Benchmark Results
We evaluated 13 open-source LLMs on VayuBench using a unified, schema-aware protocol. Results reveal substantial performance variation across models and highlight column errors as the primary failure mode.
Evaluation Metrics
exec@1
Syntactic Correctness
Proportion of code samples that execute without errors, regardless of whether the output is correct. Measures the model’s ability to generate runnable Python code with valid syntax, correct imports, and proper API usage.
pass@k
Functional Correctness
Probability that at least k out of n samples produce the correct output. Uses an unbiased estimator:
\[\text{pass@k} = 1 - \frac{\binom{n-c}{k}}{\binom{n}{k}}\]
where n = total samples, c = correct samples.
Error Rate
Failure Analysis
Proportion of failed executions, categorized by error type:
- Column: Incorrect/misspelt column names
- Syntax: Python grammar violations
- Name: Undefined variables/objects
- Other: Miscellaneous (timeout, division by zero)
Overall Performance
Top Performers
| Model | Params | exec@1 ↑ | pass@1 ↑ | pass@2 ↑ | Error Rate ↓ |
|---|---|---|---|---|---|
| Qwen3-Coder-30B | 30B | 0.99 | 0.79 | 0.81 | 0.01 |
| Qwen3-32B | 32B | 0.98 | 0.78 | 0.81 | 0.01 |
| Qwen2.5-Coder-14B | 14B | 0.90 | 0.69 | 0.74 | 0.06 |
| GPT-OSS-20B | 20B | 0.88 | 0.56 | 0.69 | 0.12 |
| Qwen2.5-Coder-7B | 7B | 0.79 | 0.41 | 0.54 | 0.20 |
| DeepSeek-Coder-6.7B | 6.7B | 0.77 | 0.48 | 0.54 | 0.23 |
| Qwen2.5-Coder-3B | 3B | 0.73 | 0.33 | 0.47 | 0.26 |
| CodeLlama-13B | 13B | 0.64 | 0.25 | 0.32 | 0.36 |
| Qwen3-1.7B | 1.7B | 0.46 | 0.05 | 0.08 | 0.54 |
| Qwen2.5-Coder-1.5B | 1.5B | 0.47 | 0.08 | 0.12 | 0.53 |
| Mistral-7B | 7B | 0.24 | 0.03 | 0.05 | 0.76 |
| Llama3.2-3B | 3B | 0.17 | 0.04 | 0.07 | 0.83 |
| Llama3.2-1B | 1B | 0.04 | 0.00 | 0.01 | 0.97 |
Top 3 Models: All achieve exec@1 > 0.90 and pass@1 > 0.69, demonstrating strong code generation capabilities for structured analytics. Qwen3-Coder-30B sets the benchmark at 0.99 exec@1 and 0.79 pass@1.

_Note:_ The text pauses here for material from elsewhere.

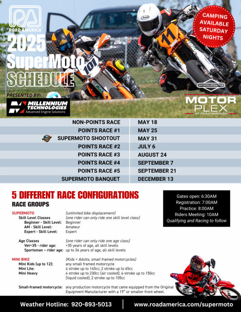 The Road America SuperMoto Series is a select group of racers participating in the fastest growing form of competition on two wheels! The SuperMoto Series is comprised of two race groups: SuperMoto and Mini Bike.

Model Size Matters: Performance shows approximately linear relationship with parameters. Qwen models at 30-32B params dominate, while 1-3B models struggle (exec@1 < 0.5).
Specialization Wins: Code-specialized models (Qwen2.5-Coder series, DeepSeek-Coder) significantly outperform general-purpose LLMs of similar size.
Category-Wise Performance
Best Models per Category
| Category | Top Model | exec@1 | pass@1 | Characteristics |
|---|---|---|---|---|
| Spatial Aggregation (SA) | Qwen3-Coder-30B | 1.00 | 0.98 | Simple groupby + aggregation |
| Spatio-Temporal (STA) | Qwen3-32B | 0.99 | 0.54 | Multi-period comparisons harder |
| Temporal Trends (TT) | Qwen3-Coder-30B | 1.00 | 0.76 | Date-time manipulation required |
| Funding-Based (FQ) | Qwen3-Coder-30B | 1.00 | 0.46 | Multi-dataset joins challenging |
| Population-Based (PB) | Qwen3-32B | 0.94 | 0.73 | Weighted calculations needed |
| Area-Based (AB) | Qwen3-Coder-30B | 1.00 | 0.87 | Area normalization |
| Specific Patterns (SP) | Qwen2.5-Coder-14B | 0.98 | 0.63 | Threshold detection |
Full Category Breakdown
The table below shows exec@1 (E1), pass@1 (P1), and pass@2 (P2) for each model across all 7 categories. This data reveals model-specific strengths and weaknesses.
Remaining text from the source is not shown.